I have a quick question about TreeSet collections and hashCode methods. I have a TreeSet and I'm adding objects to it, before I add an object, I check to see if it exists in the TreeSet using the contains method.
I have 2 distinct objects, each of which produce a distinct hashCode using my implementation of the hashCode method, example below:
public int hashCode()
{
int hash = 7;
hash = hash * 31 + anAttribute.hashCode();
hash = hash * 31 + anotherAttribute.hashCode();
hash = hash * 31 + yetAnotherAttribute.hashCode();
return hash;
}
The hashCodes for a particular run are: 76126352 and 76126353 (the objects only differ by one digit in one attribute).
The contains method is returning true for these objects, even though the hashCodes are different. Any ideas why? This is really confusing and help would really be appreciated.

TreeSet does not use hashCode at all. It uses either compareTo or the Comparator you passed to the constructor.
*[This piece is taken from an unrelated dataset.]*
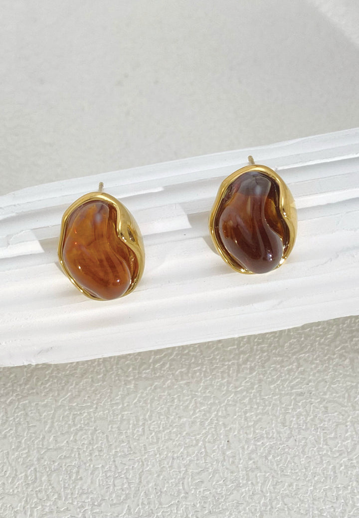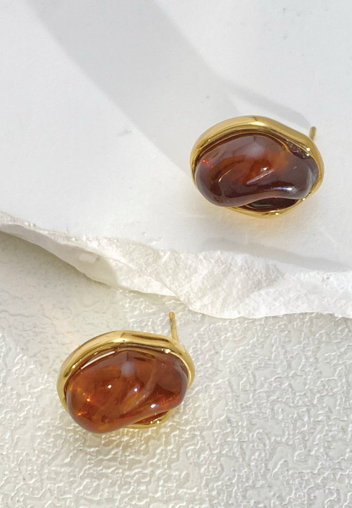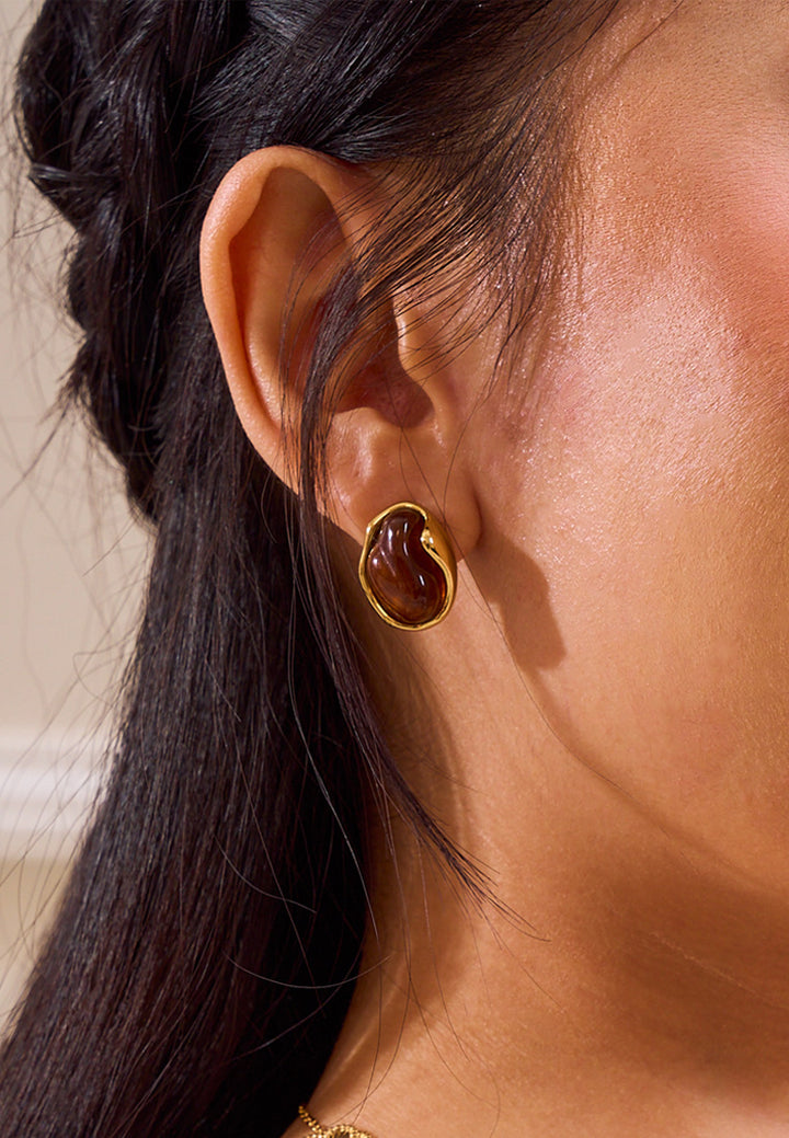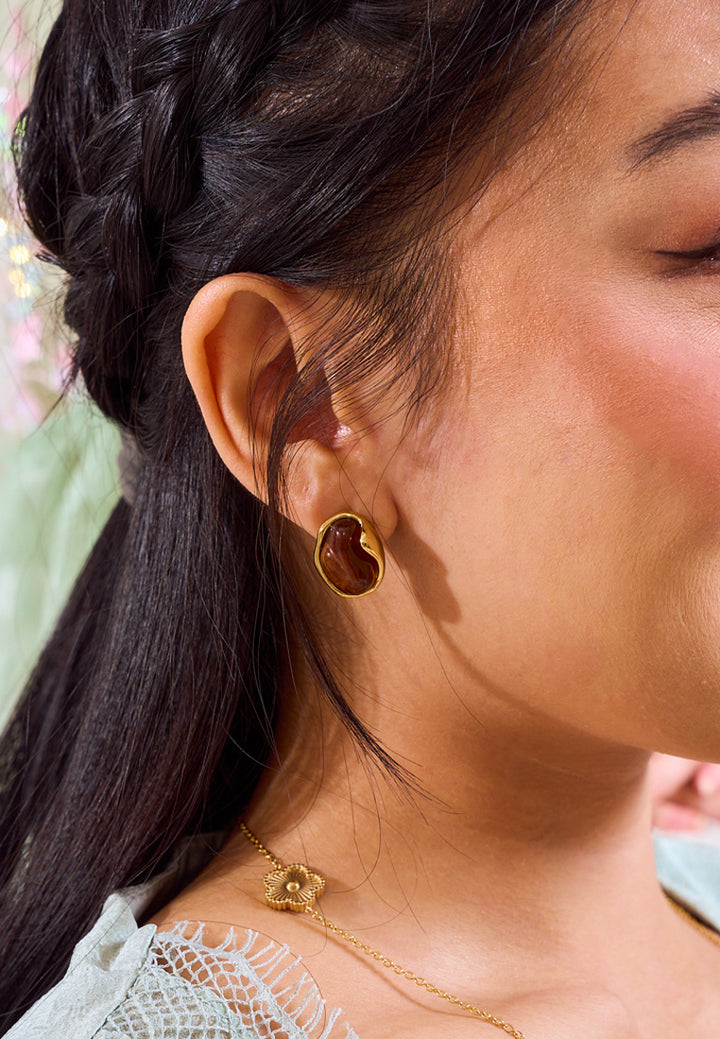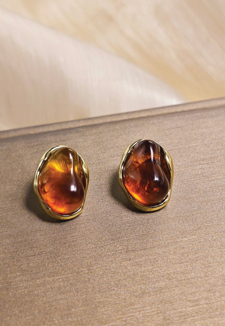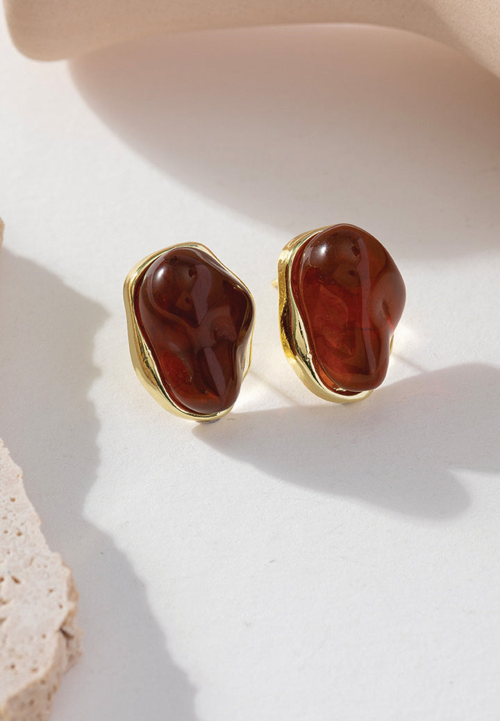 Introducing the Umber Stud Earrings, where the allure of the earth is captured in the warmth of amber resin. These distinctive earrings showcase amber resin stones that glow with a rich, deep umber hue, embedded in a simple yet elegant stud setting. These earrings blend the rustic charm of natural elements with the refined touch of modern jewellery making.

This is used by methods like contains to find objects in the set.
So the answer to your question is that your compareTo method or your Comparator are defined so that the two objects in question are considered equal.
From the javadocs:
a TreeSet instance performs all
element comparisons using its
compareTo (or compare) method, so two
elements that are deemed equal by this
method are, from the standpoint of the
set, equal.

From Java Doc:
If two objects are equal according to the equals(Object) method,
then calling the hashCode method on each of the two objects must
produce the same integer result.
Means: the objects you use for hashing are not equal.

You need to read Joshua Bloch's "Effective Java" chapter 3. It explains the equals contract and how to properly override equals, hashCode, and compareTo.

You don't need to checked if it is contained, because the insert() basically does the same operation (i.e. searching the proper position) on its way to the insertion point. If the object can't be inserted (i.e., the object is already contained), insert returns false.

Related

Why does Java need equals() if there is hashCode()?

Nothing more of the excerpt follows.